## What is expected:
Transcribe the listing below in full, exactly, with no images.

[The data]

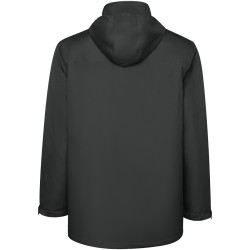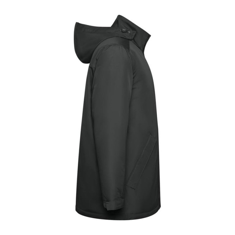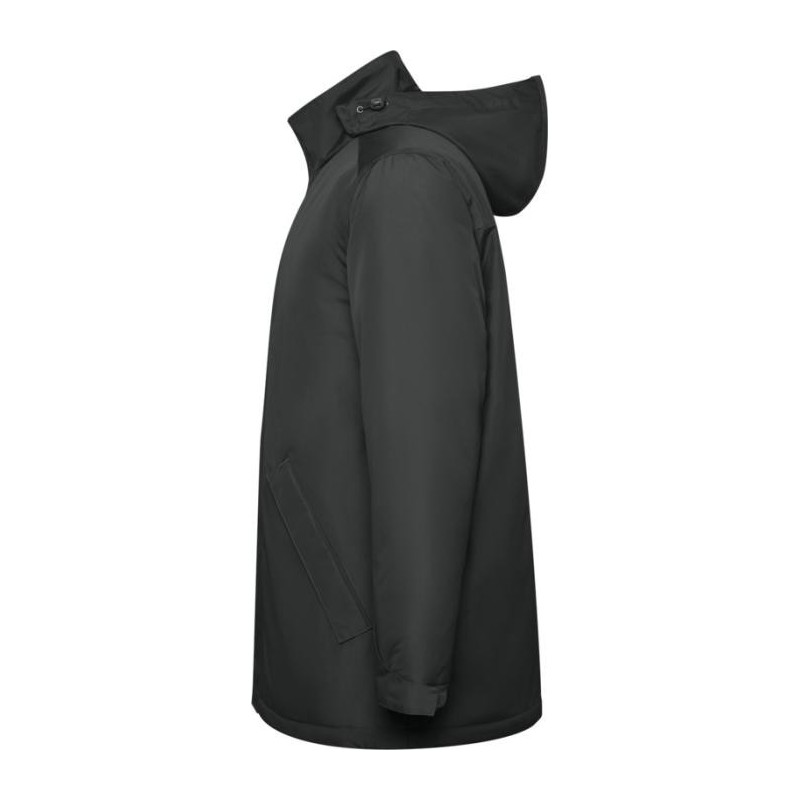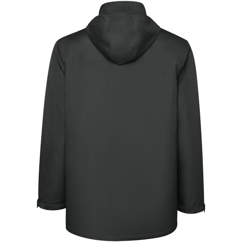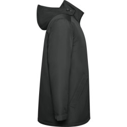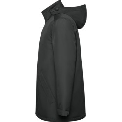 Veste parka matelassée et imperméable pour homme. Col montant avec capuche repliée et amovible avec fermeture velcro. Fermeture à glissière centrale assortie avec rabat. Poches latérales avec fermeture à glissière et rabat fixe. Poche intérieure avec fermeture velcro. Poignets réglables avec boucle velcro. Accès intérieur aux renforts dans le dos et sur la poitrine (côté gauche).
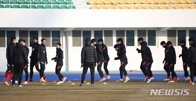 [강릉=뉴시스] 김동현 기자 = 축구 올림픽대표팀 선수들이 12일 오후 강원 강릉시 강릉종합운동장에서 도쿄올림픽 출전을 앞두고 1차 국내 전지훈련을 하고 있다. 2021.01.12. dhyeon@newsis.com
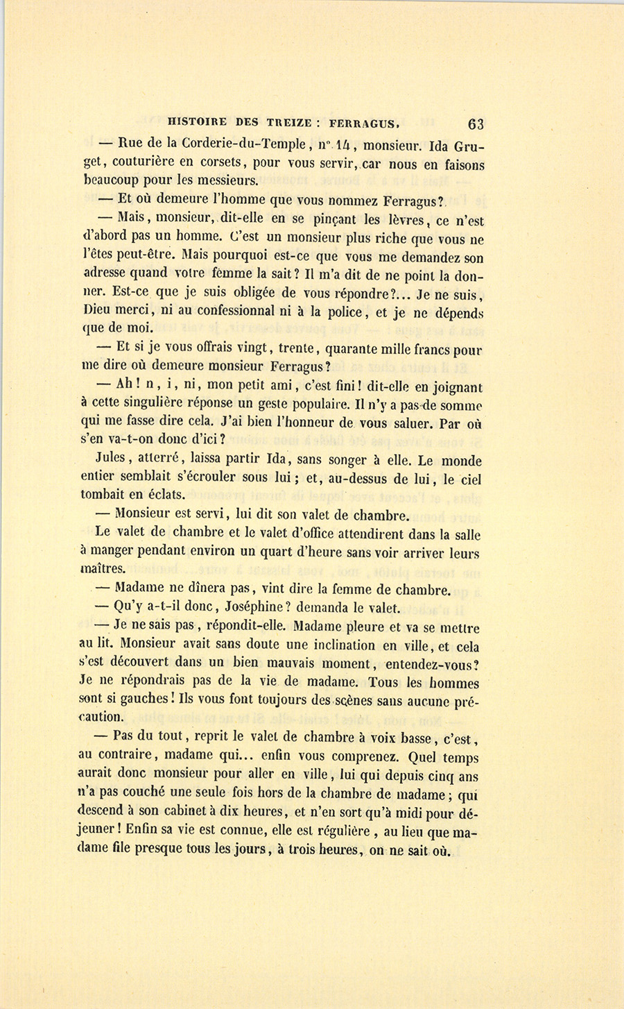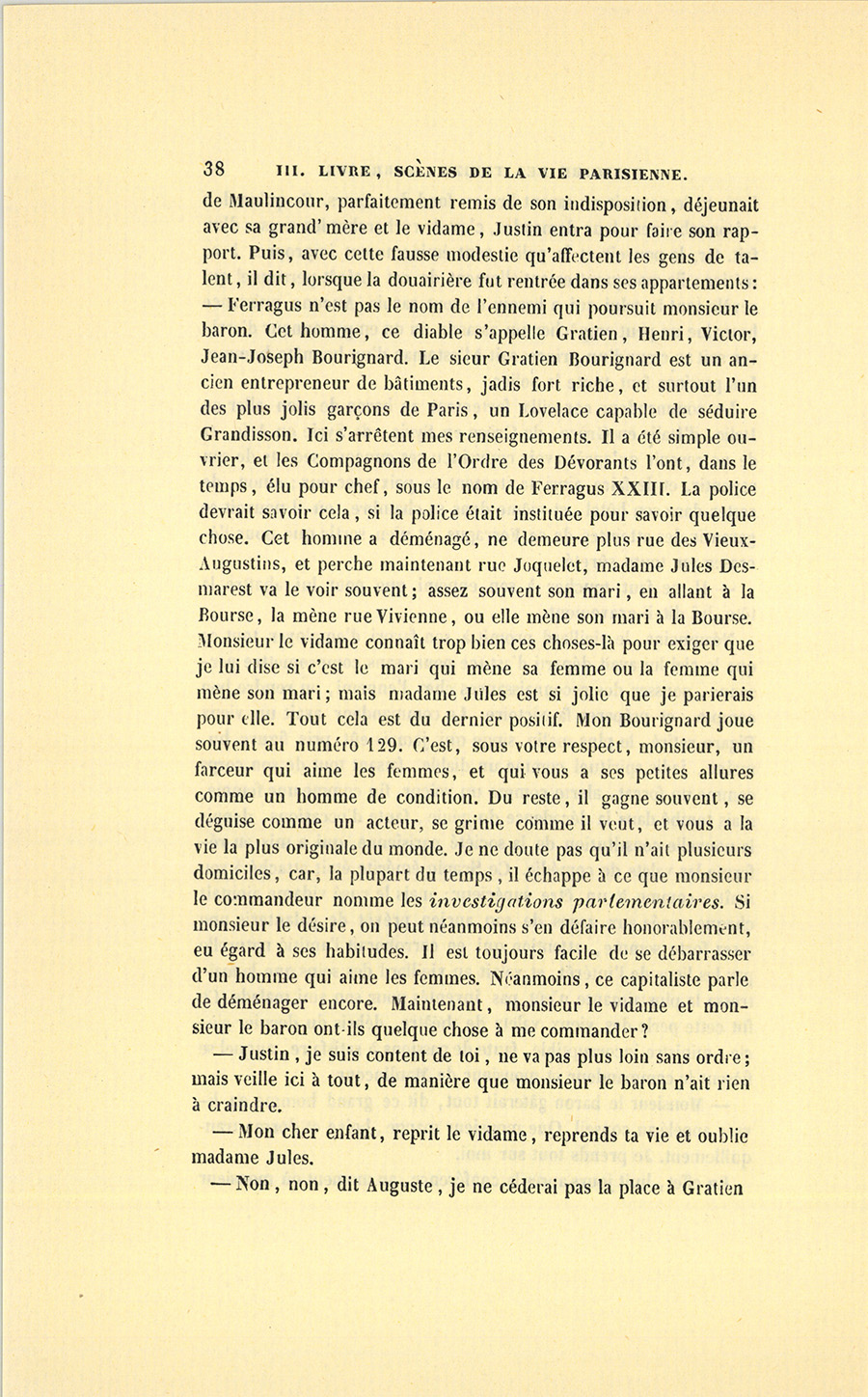 En effet, huit jours après la conférence, au moment où monsieur {p. 38} de Maulincour, parfaitement remis de son indisposition, déjeunait avec sa grand’mère et le vidame, Justin entra pour faire son rapport. Puis, avec cette fausse modestie qu’affectent les gens de talent, il dit, lorsque la douairière fut rentrée dans ses appartements : – Ferragus n’est pas le nom de l’ennemi qui poursuit monsieur le baron. Cet homme, ce diable s’appelle Gratien, Henri, Victor, Jean-Joseph Bourignard. Le sieur Gratien Bourignard est un ancien entrepreneur de bâtiments, jadis fort riche, et surtout l’un des plus jolis garçons de Paris, un Lovelace capable de séduire Grandisson. Ici s’arrêtent mes renseignements. Il a été simple ouvrier, et les Compagnons de l’Ordre des Dévorants l’ont, dans le temps, élu pour chef, sous le nom de Ferragus XXIII. La police devrait savoir cela, si la police était instituée pour savoir quelque chose. Cet homme a déménagé, ne demeure plus rue des Vieux-Augustins, et perche maintenant rue Joquelet, madame Jules Desmarest va le voir souvent ; assez souvent son mari, en allant à la Bourse, la mène rue Vivienne, ou elle mène son mari à la Bourse. Monsieur le vidame connaît trop bien ces choses là pour exiger que je lui dise si c’est le mari qui mène sa femme ou la femme qui mène son mari ; mais madame Jules est si jolie que je parierais pour elle. Tout cela est du dernier positif. Mon Bourignard joue souvent au numéro 129. C’est, sous votre respect, monsieur, un farceur qui aime les femmes, et qui vous a ses petites allures comme un homme de condition. Du reste, il gagne souvent, se déguise comme un acteur, se grime comme il veut, et vous a la vie la plus originale du monde. Je ne doute pas qu’il n’ait plusieurs domiciles, car, la plupart du temps, il échappe à ce que monsieur le commandeur nomme les investigations parlementaires. Si monsieur le désire, on peut néanmoins s’en défaire honorablement, eu égard à ses habitudes. Il est toujours facile de se débarrasser d’un homme qui aime les femmes. Néanmoins, ce capitaliste parle de déménager encore. Maintenant, monsieur le vidame et monsieur le baron ont-ils quelque chose à me commander ?

[/The data]

## Exercise result:
 Veste parka matelassée et imperméable pour homme. Col montant avec capuche repliée et amovible avec fermeture velcro. Fermeture à glissière centrale assortie avec rabat. Poches latérales avec fermeture à glissière et rabat fixe. Poche intérieure avec fermeture velcro. Poignets réglables avec boucle velcro. Accès intérieur aux renforts dans le dos et sur la poitrine (côté gauche).
 [강릉=뉴시스] 김동현 기자 = 축구 올림픽대표팀 선수들이 12일 오후 강원 강릉시 강릉종합운동장에서 도쿄올림픽 출전을 앞두고 1차 국내 전지훈련을 하고 있다. 2021.01.12. dhyeon@newsis.com
 En effet, huit jours après la conférence, au moment où monsieur {p. 38} de Maulincour, parfaitement remis de son indisposition, déjeunait avec sa grand’mère et le vidame, Justin entra pour faire son rapport. Puis, avec cette fausse modestie qu’affectent les gens de talent, il dit, lorsque la douairière fut rentrée dans ses appartements : – Ferragus n’est pas le nom de l’ennemi qui poursuit monsieur le baron. Cet homme, ce diable s’appelle Gratien, Henri, Victor, Jean-Joseph Bourignard. Le sieur Gratien Bourignard est un ancien entrepreneur de bâtiments, jadis fort riche, et surtout l’un des plus jolis garçons de Paris, un Lovelace capable de séduire Grandisson. Ici s’arrêtent mes renseignements. Il a été simple ouvrier, et les Compagnons de l’Ordre des Dévorants l’ont, dans le temps, élu pour chef, sous le nom de Ferragus XXIII. La police devrait savoir cela, si la police était instituée pour savoir quelque chose. Cet homme a déménagé, ne demeure plus rue des Vieux-Augustins, et perche maintenant rue Joquelet, madame Jules Desmarest va le voir souvent ; assez souvent son mari, en allant à la Bourse, la mène rue Vivienne, ou elle mène son mari à la Bourse. Monsieur le vidame connaît trop bien ces choses là pour exiger que je lui dise si c’est le mari qui mène sa femme ou la femme qui mène son mari ; mais madame Jules est si jolie que je parierais pour elle. Tout cela est du dernier positif. Mon Bourignard joue souvent au numéro 129. C’est, sous votre respect, monsieur, un farceur qui aime les femmes, et qui vous a ses petites allures comme un homme de condition. Du reste, il gagne souvent, se déguise comme un acteur, se grime comme il veut, et vous a la vie la plus originale du monde. Je ne doute pas qu’il n’ait plusieurs domiciles, car, la plupart du temps, il échappe à ce que monsieur le commandeur nomme les investigations parlementaires. Si monsieur le désire, on peut néanmoins s’en défaire honorablement, eu égard à ses habitudes. Il est toujours facile de se débarrasser d’un homme qui aime les femmes. Néanmoins, ce capitaliste parle de déménager encore. Maintenant, monsieur le vidame et monsieur le baron ont-ils quelque chose à me commander ?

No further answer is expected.